平成23年本試験問題について

本年の設計製図試験の問題の特色と、各練習課題において学習した点を述べています。

問題の特色

1. 療養室は従来型
国の施策がユニット型に舵を切っている現在、大方の予想に反して、4人室を含む従来型であった。ただし、練習課題2、6において学習していたため、不安は無かったことと思われる。
2.「介護保健法、医療法・・・考慮しなくてもよい。」の一文が無かった
この一文が無く、従来型であるということは、中廊下の有効は2.7m以上としなくてはならない。 上記一文を削除し、従来型中廊下に対応する問題は練習課題6にあった。
3. 機能訓練室、および浴室Aを通所者(デイケア利用者)と入所者が共用
部門分けが無く、機能訓練室、浴室A、レクリエーションルームを通所者と入所者が共用する。このような共用を前提とした問題は練習課題3にあった。
4. 敷地接道
東西2並行道路であり、その道路を挟んで集合住宅(否定的用途)、北がサテライト型の本体となる病院、南側が公園という共に肯定的用途であった。

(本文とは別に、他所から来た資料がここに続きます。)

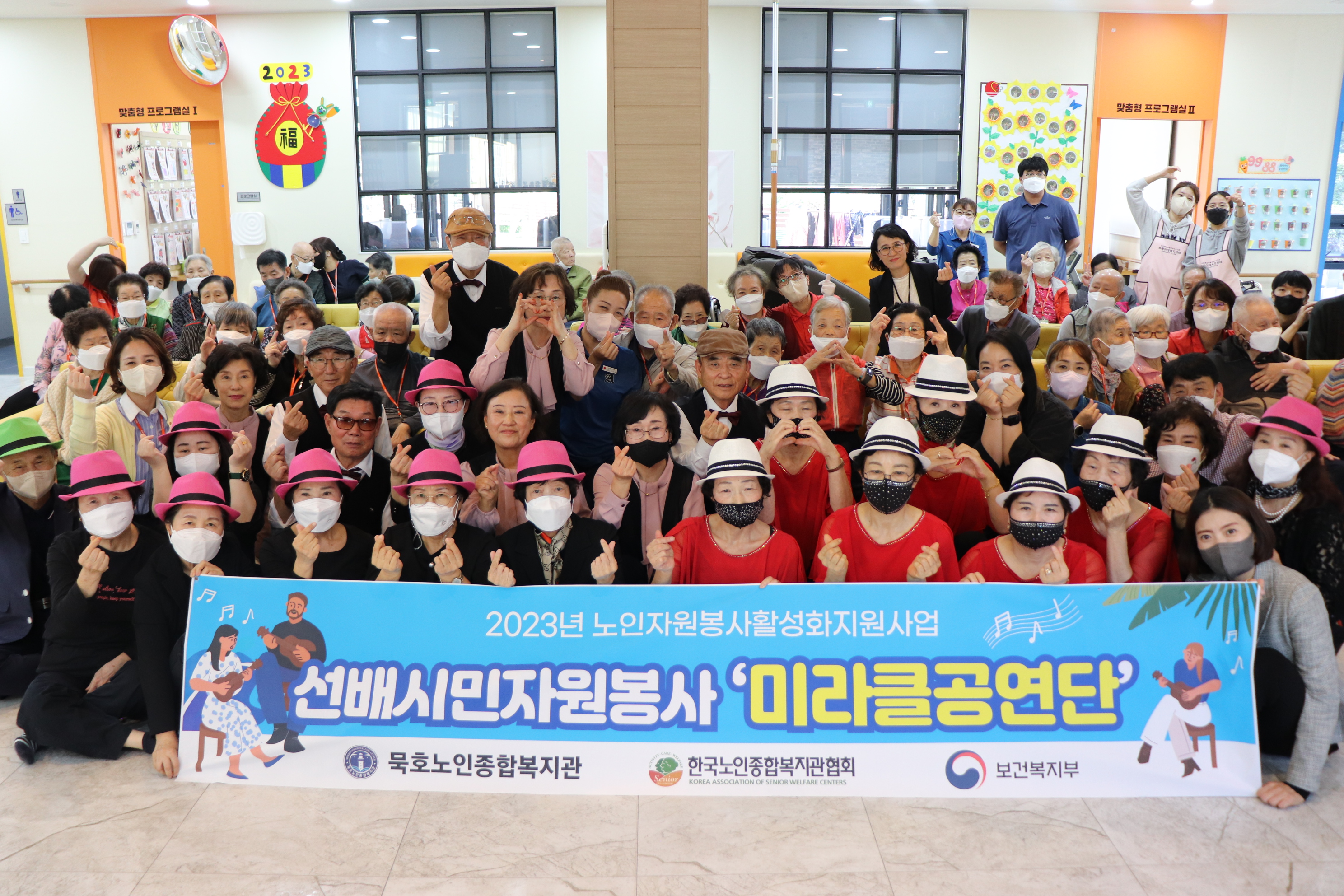동해 묵호노인종합복지관(관장 염규성)은 한국노인종합복지관협회 공모사업으로 운영 되고 있는 선배시민자원봉사 '미라클 공연단'이 지난 10월 20일(금) 14시 동해시 발한동에 소재하고 있는 동해이레복지센터 방문하여어르신들을 위해 공연을 실시하였다. 2023년 노인자원봉사활성화 지원사업인 선배시민자원봉사단은 우쿨...

ただし、東側道路斜線については、西側主道路の適用距離30m外ではあるが、幅員18mの2Aかつ35m以内の範囲に敷地が含まれる事から、東側にも18mの道路があるものと考えてよかった。(つまり、実質的には考慮しなくてよかった。)
5. 敷地の大きさ
正方形に近い形であり、南北38m×東西35mは、練習課題2(従来型)と全く同様であった。
6. 用途地域
第一種住居地域であり、南側は公園なので採光緩和があるが、北側に面して利用者用居室がある場合、基準階の3階であれば3.5m、5階が北面で揃っていれば、1階においては6mの後退が必要となり、現実的ではなく、光庭の導入が必要(留意事項(1)③には「食堂、食堂・デイルーム、レクリエーションルーム等の共用部については、自然光を積極的に取り入れる・・」とある)と思われる。 正方形に近い敷地における光庭の導入については、練習課題1、6において学習した。
7. 配置において「1階又は2階」指示の室が多く、面積が大きい
このような場合、かなりの部分が2階配置になるものと考えられ、解法については練習課題3、4、5、6において学習した。

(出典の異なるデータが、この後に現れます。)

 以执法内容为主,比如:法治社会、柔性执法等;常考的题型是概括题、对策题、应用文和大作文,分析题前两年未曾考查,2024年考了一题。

8. 留意事項(1)①「バリアフリー、セキュリティ等に配慮する。」
バリアフリーについては特別特定建築物であるから、誘導基準を満たすことは当然であるが、セキュリティについては練習課題1で記述を含め出題したので、対応に迷うことはなかったはずである。
9. 留意事項(1)②「・・・避難等に配慮する。」
2つの避難階段による内部2方向避難と、療養室にバルコニー+適切な避難器具または屋外階段があれば好ましい。「避難」をキーワードとするバルコニー、避難器具等に関する対応は練習課題2、4、6において行った。
10. 留意事項(2)③「・・耐力壁等を設け、・・」
3平面における耐力壁等の解釈において、開口の多い方向において、横K型ブレースの配置については、練習課題1で学習した。

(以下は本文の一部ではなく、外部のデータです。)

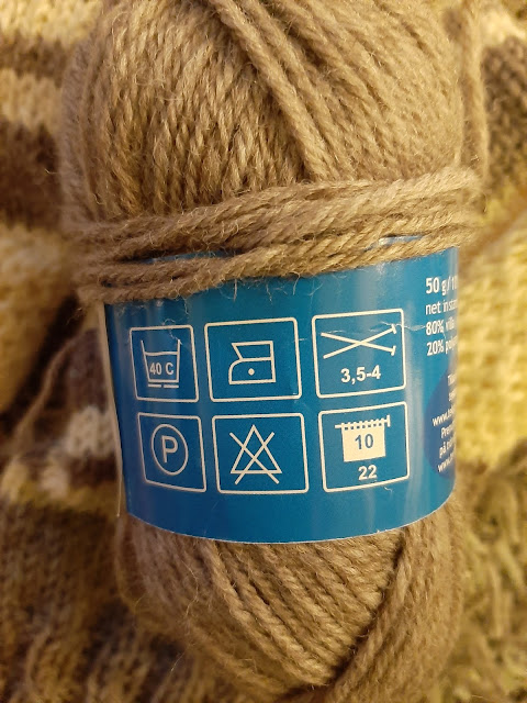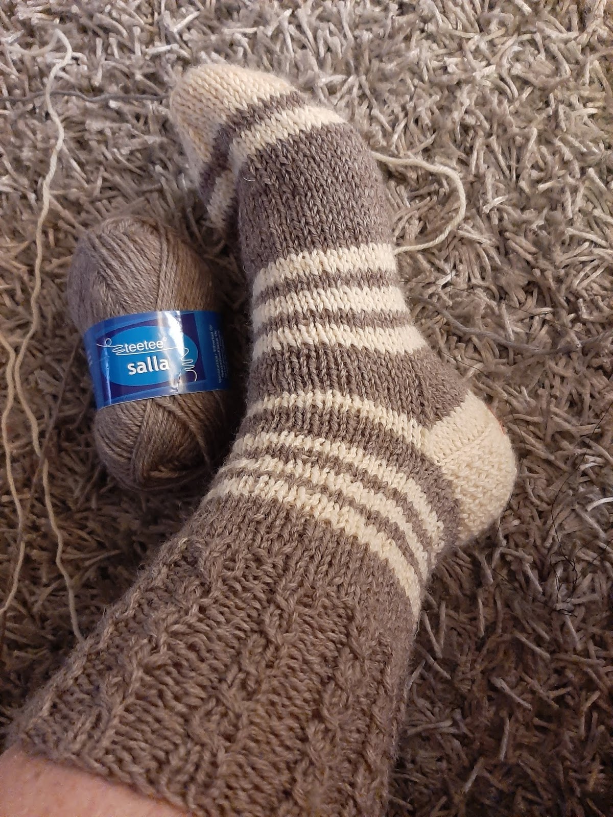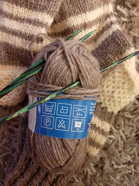 Vaaleanruskea-valkoinen sukanaloitus löytyi keskeneräisten koristani. Olin suunnitellut siitä pitkät polvisukat ja jopa jonkinlaisen kirjoneuleenkin aloittanut. Koska kirjoneule ei minun käsissäni onnistu ja ohjekin oli hukassa, olin minäkin hukassa. Pyörittelin aikani keskeneräistä vartta ja vaikka kaikenlainen purkaminen sieluani särkeekin, niin purin resoriin asti. Päätin tehdä tavalliset, nopeatekoiset sukat, joita tehdessä voi katsella telkkaria samalla.

11. 留意事項(3)②「地震等の災害時においても、一定の機能を維持できるように配慮する。」
インフラ途絶を想定した対応については練習課題4において学習した。

以上が今年の製図本試験の特色であったが、全て練習課題において学んだ事項であるため、6課題を通して添削を受け、解答、解説を消化した人にとっては、予想外の項目は無かったものと思われる。